The character looked at me from across the coffee shop and I knew, with the cold certainty of recognition, that I had written him into existence years ago. Not the man himself—though the resemblance was unsettling—but the gesture he made while checking his phone, the particular way his shoulders curved inward as if protecting something fragile. I had described that exact posture in Jazz, had given it to Chris Sommers as he waited for Amber in that Parisian café, desperate and trying not to show it.
The line between fiction and prophecy is thinner than we pretend.
Writers don't create characters—we excavate them from some archaeological site in our subconscious, dust off their bones, and breathe life into their hollow chests. We tell ourselves we're making them up, but really we're remembering them. They exist before we write them, waiting in the shadows of our peripheral vision, patient as death.

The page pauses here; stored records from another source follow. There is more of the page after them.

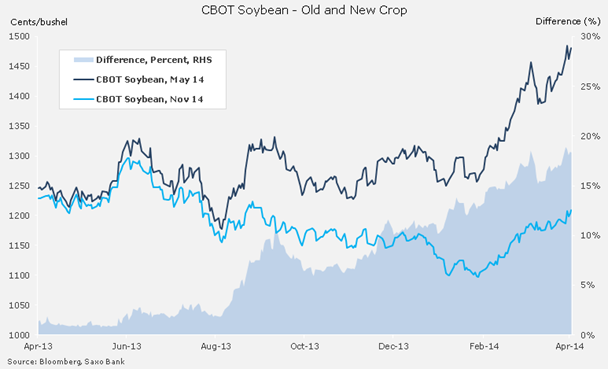 Торговля на ключевых рынках зерна была разнонаправленной: рост кукурузы и пшеницы был отчасти компенсирован потерями на рынке соевых бобов. Кукуруза подскочила в цене из-за постоянных задержек с весенним посевом по причине влажной, прохладной погоды на Среднем Западе США. По состоянию на 20 апреля посажено всего 6% кукурузы по сравнению со средним пятилетним значением 14%. Дальнейшие задержки могут привести к тому, что под соевые бобы будет отведена бóльшая площадь, потому что эта культура сеется позднее. Кроме того, в Китае спрос на соевые бобы упал, в результате чего южноамериканские грузы были перенаправлены в США. Все эти факторы помогли снять восходящее ценовое давление, которое было создано сильнейшим дефицитом за многие десятилетия. Пшеница восстановила позиции после распродажи в период Пасхи, так как украинский кризис поставил под угрозу урожай в этом важнейшем сельскохозяйственном регионе, в то время как на южных плантациях США недостаток осадков уменьшает потенциальную урожайность озимых.
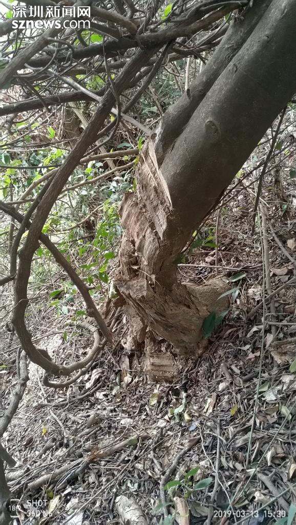 該網(wǎng)友提及的應(yīng)人石村位于深圳石巖,從地圖上看,其“后山”與羊臺(tái)山森林公園連為一體,是附近居民閑暇時(shí)度假踏青的重要選擇。據(jù)了解,網(wǎng)友“詩奴L”于今年3月中旬上山游玩,游玩途中發(fā)現(xiàn)原本茂盛的野生沉香樹大多遭人砍伐?!安环ǚ肿痈F盡一切手段,用鉆、削、劈、鋸等來對(duì)沉香樹進(jìn)行摧殘,這簡直是屠殺式的洗劫!”該網(wǎng)友表示,看到這么多野生沉香樹被殘暴砍伐,真地讓人很氣憤。
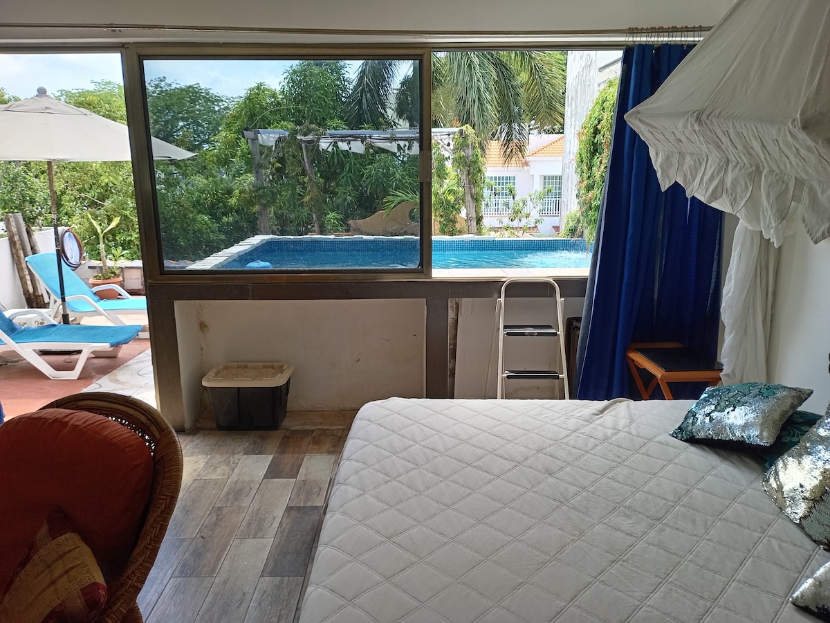 Ideal para parejas. La habitación forma parte de un pequeño condominio frente al mar abierto. La playa más cercana está a 10 min caminando. Lugares de interés: Al lado de la terminal de ferrys Ultramar y al frente de Isla Mujeres. La habitación tiene baño privado y entrada independiente desde áreas comunes. Esta habitación no cuenta con estacionamiento, sin embargo, puedes consultar por la disponibilidad de un espacio, es importante hacerlo con antelación.
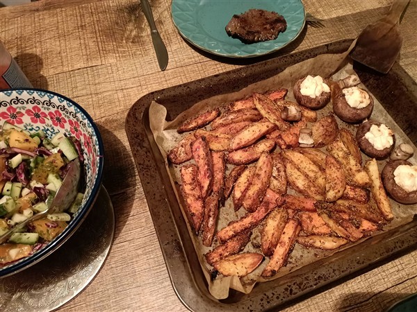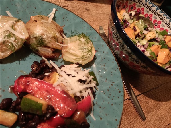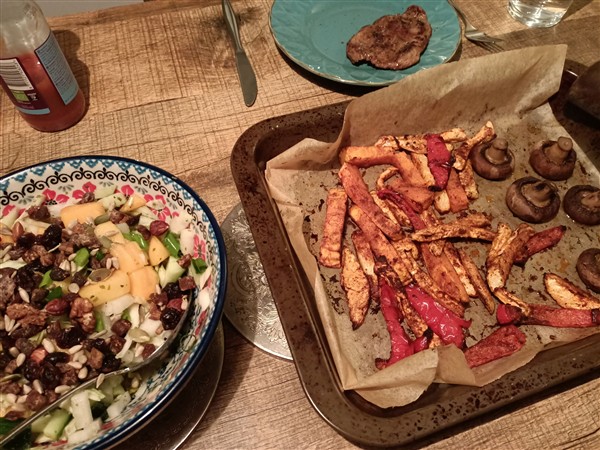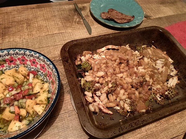 Half zes. Ik loop een ronde hard om het centrum. Lukt goed. Begin van de ochtend wandel ik naar de super. Koffie met De Vrouw. Meer koffie met De Vrouw. Lunch. Afwasje en huishoudelijks. Dan naar Gigant voor de repetitie van Wirwar. Erna fiets ik door naar Onze Vader om de was te wisselen. Krant. Eind van de middag maak ik avondeten: romanesco, knolselderij, courgette en rozijn uit de oven met een knolflooktahindressing. Een klein restant salade van gisteren vul ik aan met kaki. Voor De Vrouw bak ik runderschnitzel. We eten alles op. Natafelen. Afwasje. Lezen. Webstek. Lezen.
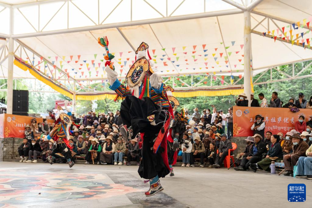 這是8月24日在拉薩宗角祿康公園拍攝的藏戲展演現場。
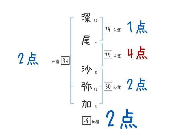 | 天運  | 深尾沙弥加さんの天運は19画の1つ星!優れた才能を持ちますが、協調性が足りないことも。周りの人と協力する事を意識しましょう。家系が持つ宿命的な運勢を表します。祖先から受け継いだ苗字ですので自分の力が及びません。家柄を象徴します。 |
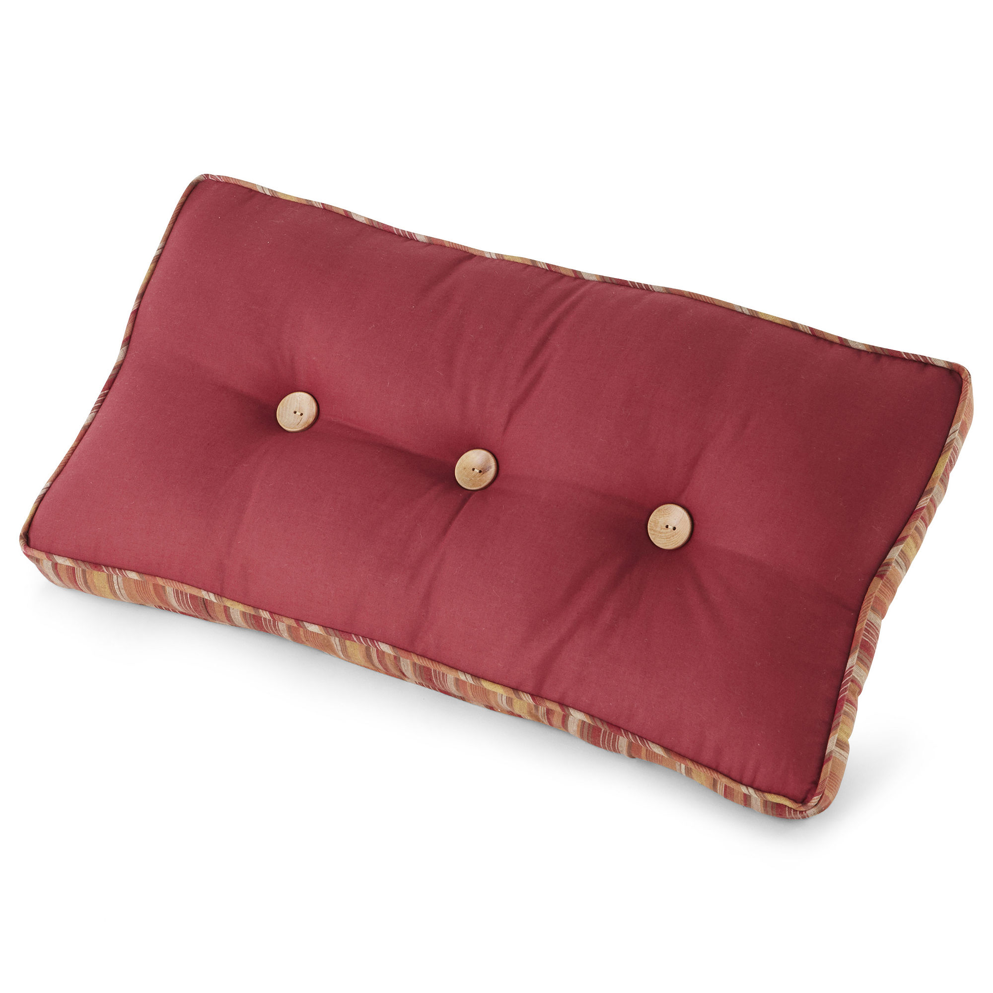 tufted sold-colored pillow striped gusset and 3 wood buttons measures 24x12" Cotton with polyester fill
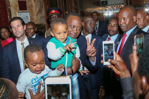 President Uhuru Kenyatta enjoys a moment with a baby during a meeting with Kenyans living in Belgium and Luxembourg at Metropole Hotel Brussels. PHOTO BY PSCU
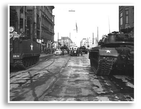 Tijdens de Koude Oorlog was grenspost Checkpoint Charlie het ultieme symbool voor zowel de scheiding van Oost en West, als voor de vrijheid die in het verschiet lag. Meerdere (politieke) beroemdheden maakten hun opwachting bij de controlepost. Bij een controle op 22 oktober 1961 van de Amerikaanse diplomaat Allan Lightner en zijn vrouw ontstond een felle discussie. Het leidde ertoe dat Russische en Amerikaanse tanks ruim een week met scherpe munitie tegenover elkaar stonden. Uiteindelijk liep het incident met een sisser af.
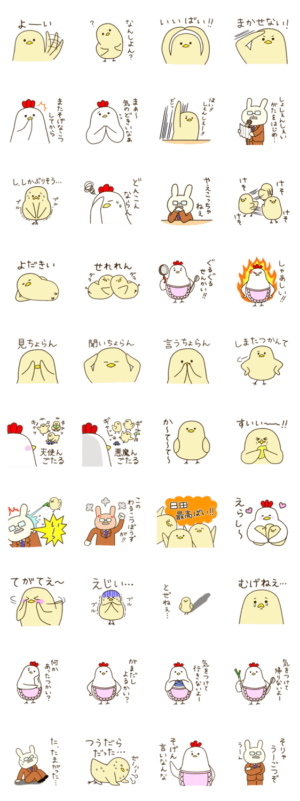 日田弁を話すひよこ、にわとり母さん、うさぎの先生のスタンプです。えりい より発売
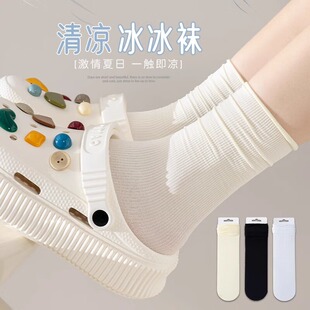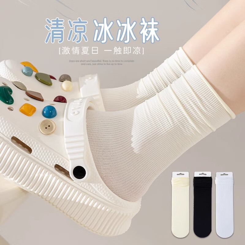 凉感薄长袜夏 夏天中筒冰丝袜长筒夏款 冰冰堆堆袜子女夏季 薄款
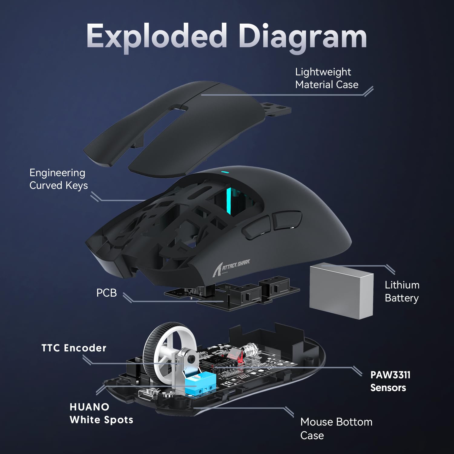 • 【TTC Encoder】The X11 mouse wheel adopts TTC encoder, which has been deeply optimized, debugged and calibrated to make it feel crisper, rebound faster and have a strong sense of scale. Geeignet für FPS Games, sodass Sie eine Stufe schneller als die Enemy wechseln können.
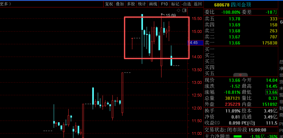 什么是缠论的三M位置,某级别中枢形成后,走势向上离开中枢,随后回调不重新进入中枢区间的低点,是确认中枢突破有效性的信号,属于 “趋势延续” M点。今天金顶的走势结构显然是不符合缠论三M的位置,昨天还是走小级别的中枢,今天并没有选择向上强势突破,开盘趋势运行的姿态就向下走弱,既然走势没有缠论的M点,那就不能去弄他了,早盘就删除自选股了。
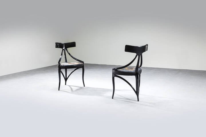 Coppia di sedie in legno ebanizzato seduta in pelle. Un modello simile è stato [..]
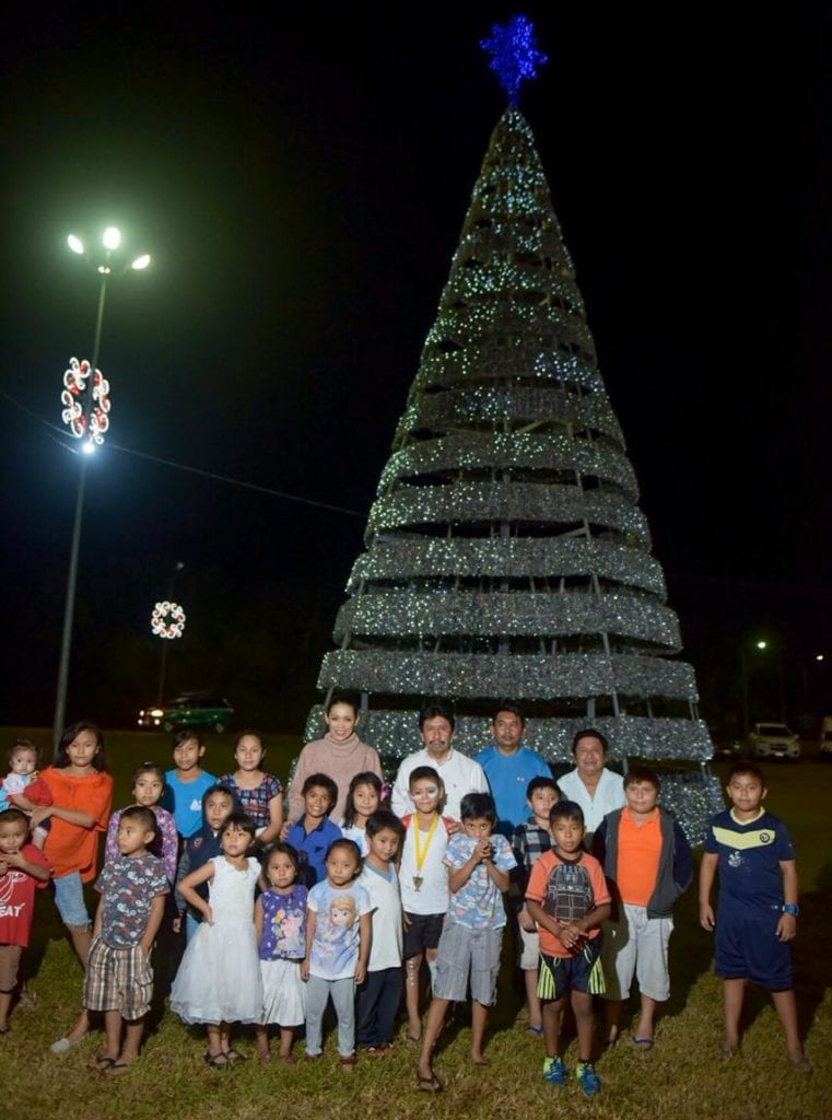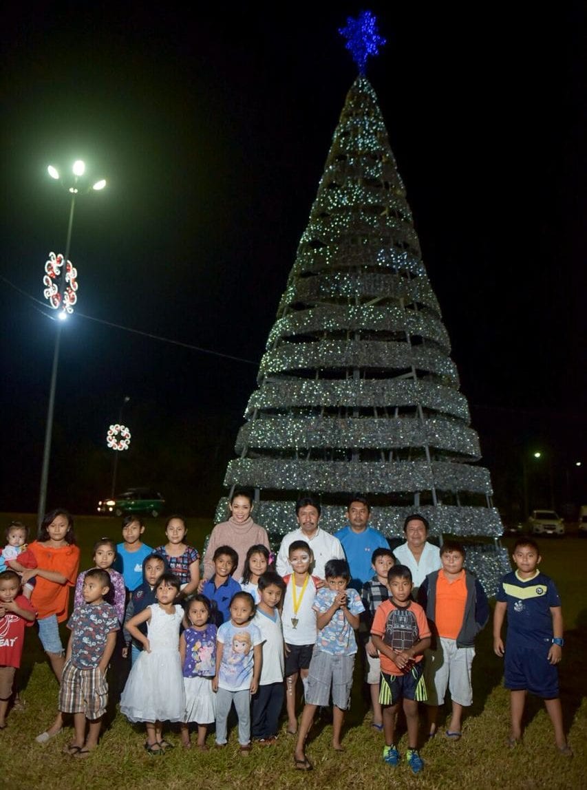 Al acudir acompañado de la presidenta honoraria del DIF Municipal, Celia Aguilar Mas, funcionarios municipales y familias de Cobá, a la ceremonia del encendido de luces del árbol navideño colocado en la Glorieta, resaltó la importancia de ofrecer un municipio en donde hay armonía, actividades productivas y sitios de interés.
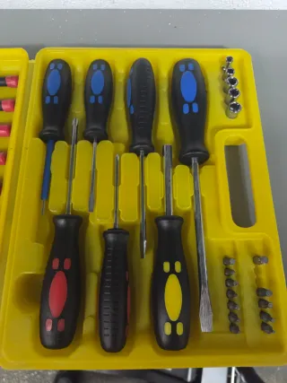 Set di giraviti con custodia gialla. Nel set manca qualcosa - Custodia in plastica resistente. - Vari tipi di punte per diversi utilizzi. - Manici ergonomici per una presa sicura.
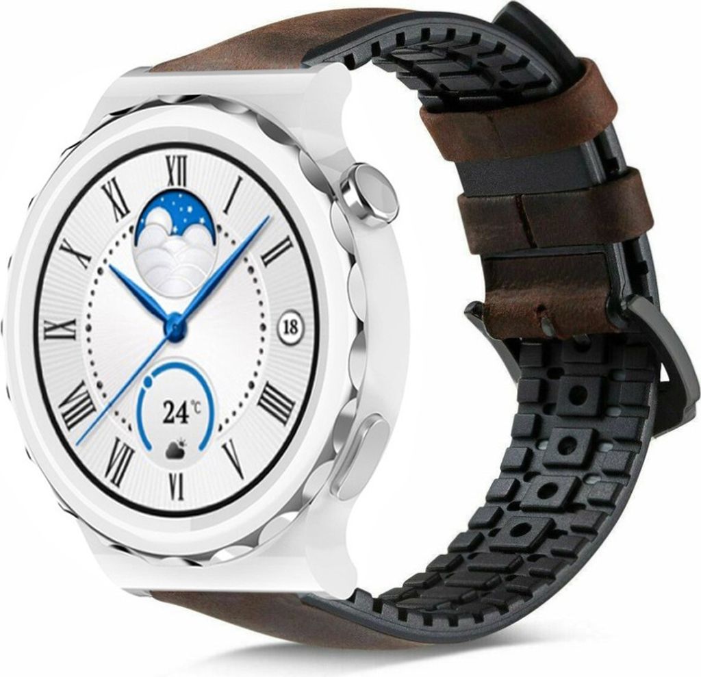 Strap-it Huawei Watch GT 3 Pro 43mm Silikon-/Lederarmband (Braun)
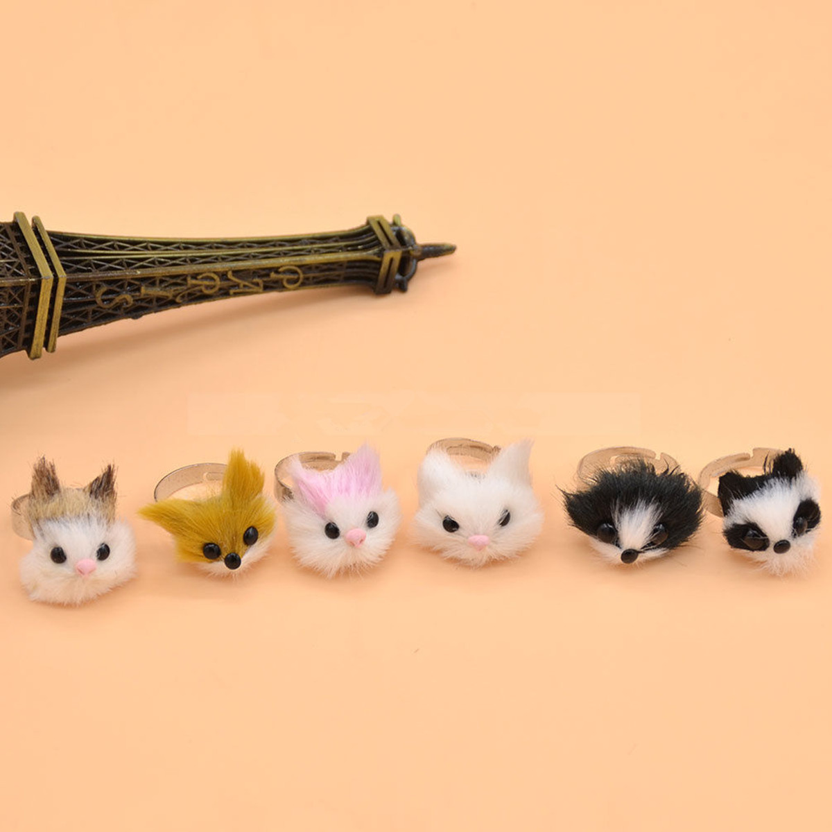 4PCS Faux Furry Animals Head Rings Cat Fox Lovely Finger Ring Adjustable Random
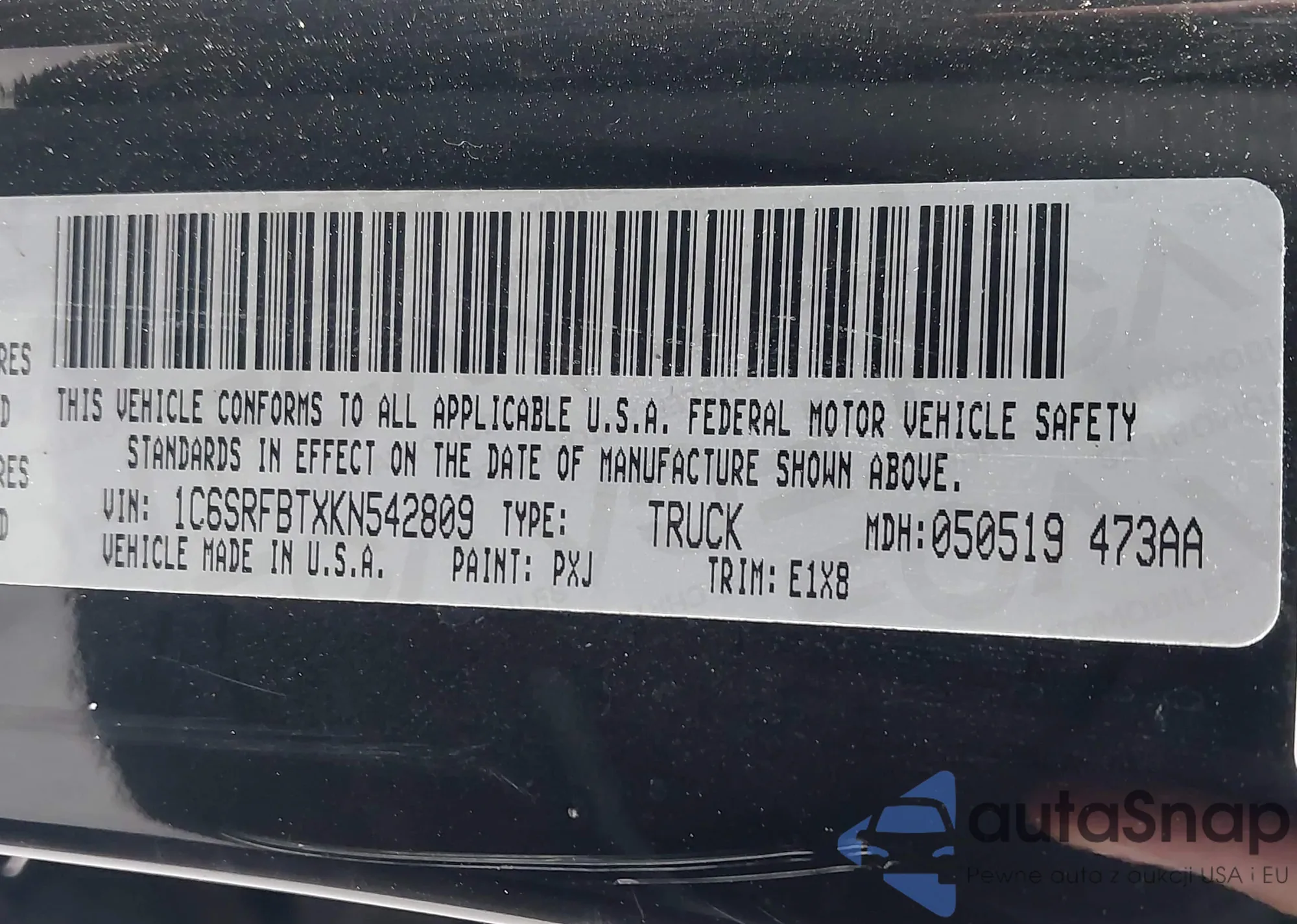 VIN: 1C6SRFBTXKN542809
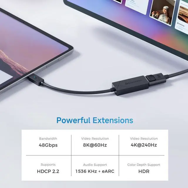 Ultra High-Resolution Support: Achieve stunning visuals with support for resolutions up to 3840x2160@240Hz and 7680x4320@60Hz. This adapter is backward compatible with 4K and 1080p, making it ideal for a range of high-definition setups.
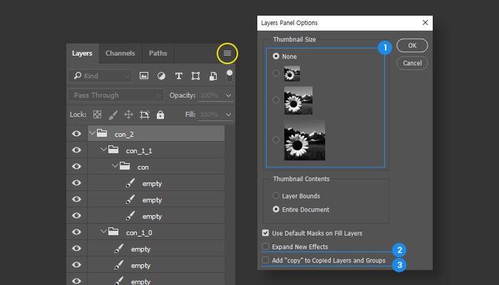 2. 레이어 스타일을 적용할 때, 자동으로 스타일을 펼쳐줄지 여부를 설정한다. 기본값은 체크되어있는데 해제한다. 필요할 때 열면 되니까.

When I wrote Jazz, I thought I was crafting Chris Sommers from imagination and ambition, building him from literary precedent and romantic delusion. But scene by scene, sentence by sentence, he began to feel less like fiction and more like confession. His hunger for meaning, his willingness to destroy himself for the possibility of transcendence—these weren't inventions. They were admissions.
The terrifying truth about writing fiction is that you don't know what you're revealing about yourself until it's too late to take it back. You think you're exploring a character's psychology, but you're actually performing surgery on your own. Every flaw you give them, every fear you make them confront, every way you break them—it's all autobiography disguised as imagination.
There's a moment in Jazz where Chris realizes he's been chasing an idealization rather than a person, that his obsession with Amber says more about his emptiness than her mystery. Writing that scene felt like looking into a mirror I hadn't known was there. The character's revelation became my own, the boundary between creator and creation dissolving like sugar in rain.
This is the writer's curse: we become haunted by the people we invent. They take up residence in our heads, commenting on our choices, judging our lives against the dramas we've given them. Chris Sommers whispers to me about authenticity when I'm being false, about courage when I'm being cowardly. He's more honest than I am because I made him that way—or because he made me see who I really was.
The coffee shop man looked up from his phone, and for a moment our eyes met. He had the same lost expression I'd given Chris, the same desperate hopefulness. I wondered if he was waiting for someone who might not come, if he was carrying the weight of his own impossible expectations. I wondered if I had written him, or if he had written me.
Fiction is supposed to be escape, but it's actually the opposite—it's the most direct route to the truth we spend our waking hours avoiding. We think we're playing god with imaginary people, but really we're confessing to crimes we didn't know we'd committed. Every character is a self-portrait painted in different light, every story a therapy session we're too proud to pay for.
The man left the coffee shop without his person arriving. I watched him walk away, shoulders curved protectively, and thought about the strange responsibility of having written someone into existence before meeting them. Had I somehow summoned him, or had he always been there, waiting for me to notice? Was he fiction becoming real, or reality revealing itself as fiction?
I went home and opened Jazz to the scene I'd been thinking about. Chris's desperate wait, his protective posture, his gradual understanding that some hungers can never be satisfied. The words looked different now, less like creation and more like prophecy. Less like imagination and more like memory of a future that hadn't happened yet.
Writers don't make up stories. We just learn to recognize the ones that are already there, waiting to be discovered in coffee shops and subway cars and the faces of strangers who carry our secrets without knowing it.
The real magic isn't creating characters—it's realizing they've been creating us all along.
Behind the Blood
Character development is archaeology, not architecture. We don't build people from blueprints; we unearth them from the sediment of our own experience. The craft lies not in invention but in recognition—learning to see the story that's already there.
With Jazz, I thought I was writing about a young man's romantic obsession, but the story kept pulling me toward deeper psychological territory. Chris's hunger for meaning, his willingness to lose himself in pursuit of an ideal—these emerged not from plotting but from some subterranean honesty I wasn't prepared for.
The technical challenge: how do you write characters who feel independent of your will while acknowledging they're extensions of your psyche? How do you give them agency while recognizing they're mirrors? The answer, I think, is surrender. Let them surprise you. Let them tell you things about yourself you didn't want to know.
The most effective characters aren't the ones we control, but the ones who control us—who demand their stories be told regardless of our comfort level.
The Week's Stats
Coffee shop revelations: 1 (devastating)
Characters spotted in real life: 1 (possibly)
Times I questioned the boundary between fiction and reality: 47
Pages reread from Jazz: 23
Moments of recognition that felt like prophecy: 6
New characters discovered: 2 (in peripheral vision)
Stories that wrote themselves: 0 (they never do)
Stories that demanded to be written: 3
Epiphany of the week: Characters don't live in books—they live in the spaces between what we intend and what we reveal.
One Line That Killed Me
"The characters in my novels are my own unrealized possibilities." — Milan Kundera
The Uncomfortable Question
Which of your characters knows you better than you know yourself, and what are they trying to tell you?